[PATCH RT 09/12] bpf: Remove in_atomic() from bpf_link_put().

From: Joseph Salisbury
Date: Wed Oct 18 2023 - 15:49:30 EST


From: Sebastian Andrzej Siewior <bigeasy@xxxxxxxxxxxxx>

v5.15.133-rt70-rc1 stable review patch.
If anyone has any objections, please let me know.

-----------


bpf_free_inode() is invoked as a RCU callback. Usually RCU callbacks are
invoked within softirq context. By setting rcutree.use_softirq=0 boot
option the RCU callbacks will be invoked in a per-CPU kthread with
bottom halves disabled which implies a RCU read section.

On PREEMPT_RT the context remains fully preemptible. The RCU read
section however does not allow schedule() invocation. The latter happens
in mutex_lock() performed by bpf_trampoline_unlink_prog() originated
from bpf_link_put().

It was pointed out that the bpf_link_put() invocation should not be
delayed if originated from close().
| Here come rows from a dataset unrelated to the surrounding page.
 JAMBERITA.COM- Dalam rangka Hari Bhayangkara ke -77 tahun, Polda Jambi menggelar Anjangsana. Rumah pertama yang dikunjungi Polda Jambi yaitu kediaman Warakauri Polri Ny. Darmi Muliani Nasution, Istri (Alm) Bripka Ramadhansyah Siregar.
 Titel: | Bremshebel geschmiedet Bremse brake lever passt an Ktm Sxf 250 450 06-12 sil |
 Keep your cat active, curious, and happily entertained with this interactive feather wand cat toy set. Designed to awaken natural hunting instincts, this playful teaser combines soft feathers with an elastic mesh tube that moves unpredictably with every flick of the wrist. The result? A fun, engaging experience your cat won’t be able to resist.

It was also pointed out that other
invocations from within a syscall should also avoid the workqueue.
Everyone else should use workqueue by default to remain safe in the
future (while auditing the code, every caller was preemptible except for
the RCU case).

Let bpf_link_put() use the worker unconditionally. Add
bpf_link_put_direct() which will directly free the resources and is used
by close() and from within __sys_bpf().

Signed-off-by: Sebastian Andrzej Siewior <bigeasy@xxxxxxxxxxxxx>
Signed-off-by: Andrii Nakryiko <andrii@xxxxxxxxxx>
Link: https://lore.kernel.org/bpf/20230614083430.oENawF8f@xxxxxxxxxxxxx
(cherry picked from commit ab5d47bd41b1db82c295b0e751e2b822b43a4b5a)
Signed-off-by: Joseph Salisbury <joseph.salisbury@xxxxxxxxxxxxx>
---
kernel/bpf/syscall.c | 29 ++++++++++++++++-------------
1 file changed, 16 insertions(+), 13 deletions(-)
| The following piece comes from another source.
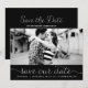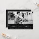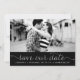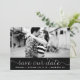 Whimsisk och feminin spara vår datum-fotoannonsering med vit elegant skrift på svart bakgrund. Andra färger och liknande föremål finns tillgängliga.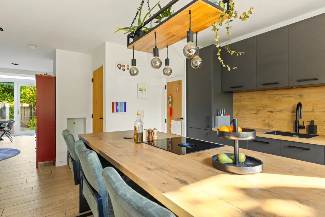 Zoals al verteld hoeft u aan deze woning niets te doen. De keuken (2023) is luxe uitgevoerd met een o.a. een kookeiland, zitbar, 2 keukenunits aan de wand en uiteraard voorzien van alle denkbare apparatuur. De woonkamer is uitgebouwd, speels ingedeeld, geeft toegang tot de tuin met een schuifpui en een lichtstraat zorgt voor extra lichttoetreding.

diff --git a/kernel/bpf/syscall.c b/kernel/bpf/syscall.c
index ad41b8230780..bcc01f9881cf 100644
--- a/kernel/bpf/syscall.c
+++ b/kernel/bpf/syscall.c
@@ -2454,27 +2454,30 @@ static void bpf_link_put_deferred(struct work_struct *work)
bpf_link_free(link);
}

-/* bpf_link_put can be called from atomic context, but ensures that resources
- * are freed from process context
+/* bpf_link_put might be called from atomic context. It needs to be called
+ * from sleepable context in order to acquire sleeping locks during the process.
*/
void bpf_link_put(struct bpf_link *link)
{
if (!atomic64_dec_and_test(&link->refcnt))
return;

- if (in_atomic()) {
- INIT_WORK(&link->work, bpf_link_put_deferred);
- schedule_work(&link->work);
- } else {
- bpf_link_free(link);
- }
+ INIT_WORK(&link->work, bpf_link_put_deferred);
+ schedule_work(&link->work);
+}
+
+static void bpf_link_put_direct(struct bpf_link *link)
+{
+ if (!atomic64_dec_and_test(&link->refcnt))
+ return;
+ bpf_link_free(link);
}

static int bpf_link_release(struct inode *inode, struct file *filp)
{
struct bpf_link *link = filp->private_data;

- bpf_link_put(link);
+ bpf_link_put_direct(link);
return 0;
}

@@ -4351,7 +4354,7 @@ static int link_update(union bpf_attr *attr)
if (ret)
bpf_prog_put(new_prog);
out_put_link:
- bpf_link_put(link);
+ bpf_link_put_direct(link);
return ret;
}

@@ -4374,7 +4377,7 @@ static int link_detach(union bpf_attr *attr)
else
ret = -EOPNOTSUPP;

- bpf_link_put(link);
+ bpf_link_put_direct(link);
return ret;
}

@@ -4425,7 +4428,7 @@ static int bpf_link_get_fd_by_id(const union bpf_attr *attr)

fd = bpf_link_new_fd(link);
if (fd < 0)
- bpf_link_put(link);
+ bpf_link_put_direct(link);

return fd;
}
@@ -4502,7 +4505,7 @@ static int bpf_iter_create(union bpf_attr *attr)
return PTR_ERR(link);

err = bpf_iter_new_fd(link);
- bpf_link_put(link);
+ bpf_link_put_direct(link);

return err;
}
--
2.34.1